BEGIN

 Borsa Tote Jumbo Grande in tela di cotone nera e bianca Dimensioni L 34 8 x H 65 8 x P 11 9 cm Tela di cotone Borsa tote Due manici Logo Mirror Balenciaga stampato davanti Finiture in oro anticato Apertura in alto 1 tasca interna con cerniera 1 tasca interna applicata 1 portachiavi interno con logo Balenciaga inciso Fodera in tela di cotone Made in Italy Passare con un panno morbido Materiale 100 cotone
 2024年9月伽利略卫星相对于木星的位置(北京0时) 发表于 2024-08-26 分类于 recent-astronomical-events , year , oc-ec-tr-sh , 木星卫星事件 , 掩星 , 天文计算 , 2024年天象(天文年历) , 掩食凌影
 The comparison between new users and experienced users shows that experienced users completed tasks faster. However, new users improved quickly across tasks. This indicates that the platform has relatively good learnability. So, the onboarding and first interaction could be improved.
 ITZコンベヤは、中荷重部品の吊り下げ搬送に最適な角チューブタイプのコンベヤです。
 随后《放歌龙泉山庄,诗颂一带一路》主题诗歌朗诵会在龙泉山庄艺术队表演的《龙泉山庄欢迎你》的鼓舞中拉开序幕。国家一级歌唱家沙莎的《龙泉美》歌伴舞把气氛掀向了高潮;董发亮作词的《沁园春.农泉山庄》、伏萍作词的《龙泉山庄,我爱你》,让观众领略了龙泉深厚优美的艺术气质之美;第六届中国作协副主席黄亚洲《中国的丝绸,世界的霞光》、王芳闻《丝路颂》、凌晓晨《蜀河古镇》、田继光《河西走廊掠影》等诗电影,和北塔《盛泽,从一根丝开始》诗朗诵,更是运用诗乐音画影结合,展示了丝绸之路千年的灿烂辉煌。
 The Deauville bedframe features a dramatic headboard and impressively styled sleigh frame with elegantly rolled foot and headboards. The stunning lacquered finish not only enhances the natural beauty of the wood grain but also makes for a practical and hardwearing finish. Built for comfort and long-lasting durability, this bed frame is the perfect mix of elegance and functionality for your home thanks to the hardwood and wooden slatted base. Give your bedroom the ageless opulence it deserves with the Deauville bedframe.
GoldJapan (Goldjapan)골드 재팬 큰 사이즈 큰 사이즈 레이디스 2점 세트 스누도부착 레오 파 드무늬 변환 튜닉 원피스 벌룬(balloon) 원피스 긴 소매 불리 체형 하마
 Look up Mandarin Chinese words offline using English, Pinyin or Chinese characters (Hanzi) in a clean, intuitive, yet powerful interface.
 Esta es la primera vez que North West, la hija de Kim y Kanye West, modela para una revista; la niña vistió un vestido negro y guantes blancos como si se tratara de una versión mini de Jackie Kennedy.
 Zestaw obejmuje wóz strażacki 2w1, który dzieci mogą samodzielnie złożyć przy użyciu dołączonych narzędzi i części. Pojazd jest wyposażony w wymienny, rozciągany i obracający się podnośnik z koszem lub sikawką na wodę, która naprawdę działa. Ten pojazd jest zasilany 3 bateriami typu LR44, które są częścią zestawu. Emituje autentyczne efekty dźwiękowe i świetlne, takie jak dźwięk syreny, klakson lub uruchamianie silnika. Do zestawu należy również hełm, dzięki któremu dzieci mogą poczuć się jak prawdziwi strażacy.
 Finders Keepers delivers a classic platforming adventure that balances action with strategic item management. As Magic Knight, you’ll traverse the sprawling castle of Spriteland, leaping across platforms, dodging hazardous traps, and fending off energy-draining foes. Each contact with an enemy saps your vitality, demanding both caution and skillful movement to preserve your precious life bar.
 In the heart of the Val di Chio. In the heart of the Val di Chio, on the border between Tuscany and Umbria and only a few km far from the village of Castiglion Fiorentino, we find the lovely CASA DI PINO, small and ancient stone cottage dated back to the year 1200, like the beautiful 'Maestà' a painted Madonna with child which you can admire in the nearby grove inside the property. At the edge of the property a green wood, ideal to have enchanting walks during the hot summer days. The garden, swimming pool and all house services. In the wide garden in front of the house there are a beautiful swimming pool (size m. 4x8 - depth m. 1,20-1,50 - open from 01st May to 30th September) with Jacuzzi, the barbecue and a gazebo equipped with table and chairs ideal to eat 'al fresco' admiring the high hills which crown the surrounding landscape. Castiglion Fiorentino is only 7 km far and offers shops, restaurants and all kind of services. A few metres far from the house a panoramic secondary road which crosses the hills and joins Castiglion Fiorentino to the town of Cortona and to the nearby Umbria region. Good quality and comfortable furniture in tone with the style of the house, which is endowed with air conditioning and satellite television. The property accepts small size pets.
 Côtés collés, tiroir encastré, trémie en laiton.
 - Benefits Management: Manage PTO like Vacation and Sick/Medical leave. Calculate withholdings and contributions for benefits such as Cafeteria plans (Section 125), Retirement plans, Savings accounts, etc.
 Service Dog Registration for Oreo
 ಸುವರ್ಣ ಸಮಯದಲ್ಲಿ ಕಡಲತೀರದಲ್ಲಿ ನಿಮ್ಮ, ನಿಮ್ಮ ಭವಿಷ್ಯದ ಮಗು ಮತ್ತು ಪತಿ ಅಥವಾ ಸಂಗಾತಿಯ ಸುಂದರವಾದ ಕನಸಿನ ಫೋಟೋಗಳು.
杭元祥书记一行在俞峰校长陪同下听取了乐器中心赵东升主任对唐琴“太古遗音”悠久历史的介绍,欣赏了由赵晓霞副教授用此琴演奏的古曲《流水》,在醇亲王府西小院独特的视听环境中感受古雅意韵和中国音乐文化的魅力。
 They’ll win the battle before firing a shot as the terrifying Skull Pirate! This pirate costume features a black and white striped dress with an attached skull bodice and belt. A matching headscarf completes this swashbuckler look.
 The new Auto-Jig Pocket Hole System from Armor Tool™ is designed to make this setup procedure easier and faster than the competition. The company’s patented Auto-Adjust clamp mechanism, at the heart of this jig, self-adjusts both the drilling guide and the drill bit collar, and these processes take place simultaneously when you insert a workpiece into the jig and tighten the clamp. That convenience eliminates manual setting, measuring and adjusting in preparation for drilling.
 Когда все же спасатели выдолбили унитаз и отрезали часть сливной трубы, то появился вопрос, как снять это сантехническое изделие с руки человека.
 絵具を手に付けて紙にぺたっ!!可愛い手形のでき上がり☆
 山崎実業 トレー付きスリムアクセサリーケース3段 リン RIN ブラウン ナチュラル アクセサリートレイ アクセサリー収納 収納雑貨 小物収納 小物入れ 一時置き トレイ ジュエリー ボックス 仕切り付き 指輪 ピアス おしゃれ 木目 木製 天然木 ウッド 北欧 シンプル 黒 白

END

### What you need to do
The expected output is exactly the lines of the listing above between the line holding "The Deauville bedframe features" and the line holding "Esta es la primera", inclusive.

### Exercise output
 The Deauville bedframe features a dramatic headboard and impressively styled sleigh frame with elegantly rolled foot and headboards. The stunning lacquered finish not only enhances the natural beauty of the wood grain but also makes for a practical and hardwearing finish. Built for comfort and long-lasting durability, this bed frame is the perfect mix of elegance and functionality for your home thanks to the hardwood and wooden slatted base. Give your bedroom the ageless opulence it deserves with the Deauville bedframe.
GoldJapan (Goldjapan)골드 재팬 큰 사이즈 큰 사이즈 레이디스 2점 세트 스누도부착 레오 파 드무늬 변환 튜닉 원피스 벌룬(balloon) 원피스 긴 소매 불리 체형 하마
 Look up Mandarin Chinese words offline using English, Pinyin or Chinese characters (Hanzi) in a clean, intuitive, yet powerful interface.
 Esta es la primera vez que North West, la hija de Kim y Kanye West, modela para una revista; la niña vistió un vestido negro y guantes blancos como si se tratara de una versión mini de Jackie Kennedy.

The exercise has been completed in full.